Exercise brief — The expected answer is the data below, printed verbatim without its pictures.

===== The data

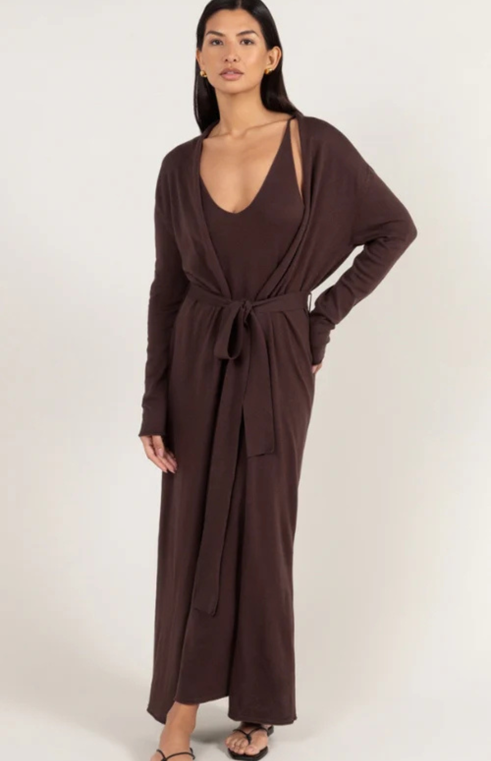 Discover Sofia Maxi Cardigan, knitted in fine gauge viscose. The perfect cover up to add to your look – or get a polished co-ord look with matching slip dress. Wear with matching belt closure for styling versatility. Light weight knit makes it a perfect seasonal style solution.
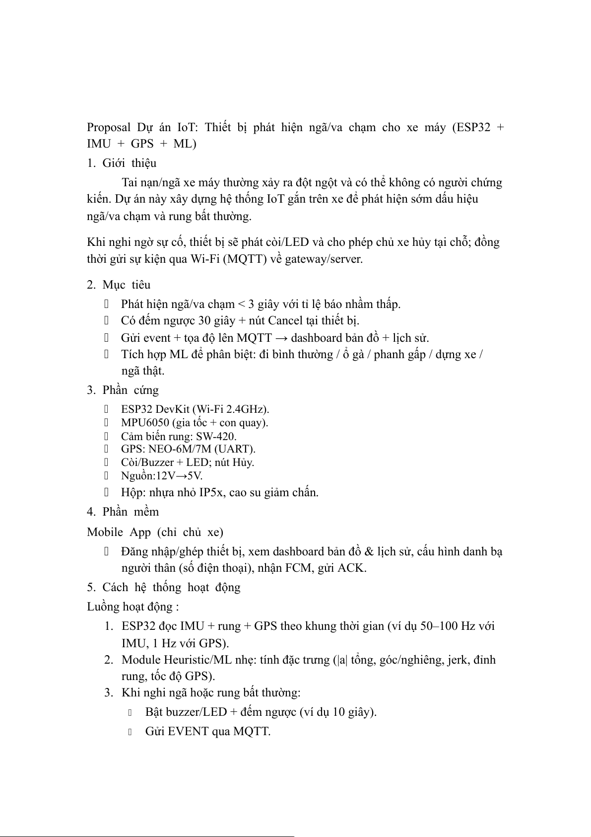 Proposal Dự án IoT: Thiết bị phát hiện ngã/va chạm cho xe máy (ESP32 +
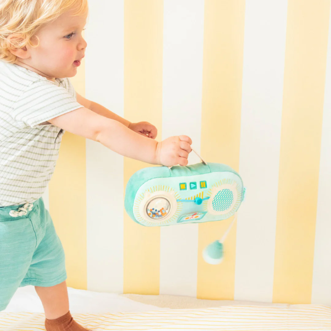 De kleine kan comfortabel spelen en genieten van deze zachte radio die aanvoelt als een knuffel. Dit babyspeelgoed bevat een zachte microfoonrammelaar, knisperende elementen en maar liefst 7 vrolijke geluidjes die je uit of aan kan zetten. Dit alles zorgt voor speelplezier en stimuleert tegelijk de zintuigen en motorische ontwikkeling.
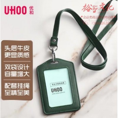 优和(UHOO)真皮卡套头层牛皮商务证件卡套横式1个卡套配送真皮挂绳员工胸牌工牌厂牌工作证墨绿6874SKU:yzwhyp855104

==========

Result of this task —
 Discover Sofia Maxi Cardigan, knitted in fine gauge viscose. The perfect cover up to add to your look – or get a polished co-ord look with matching slip dress. Wear with matching belt closure for styling versatility. Light weight knit makes it a perfect seasonal style solution.
 Proposal Dự án IoT: Thiết bị phát hiện ngã/va chạm cho xe máy (ESP32 +
 De kleine kan comfortabel spelen en genieten van deze zachte radio die aanvoelt als een knuffel. Dit babyspeelgoed bevat een zachte microfoonrammelaar, knisperende elementen en maar liefst 7 vrolijke geluidjes die je uit of aan kan zetten. Dit alles zorgt voor speelplezier en stimuleert tegelijk de zintuigen en motorische ontwikkeling.
 优和(UHOO)真皮卡套头层牛皮商务证件卡套横式1个卡套配送真皮挂绳员工胸牌工牌厂牌工作证墨绿6874SKU:yzwhyp855104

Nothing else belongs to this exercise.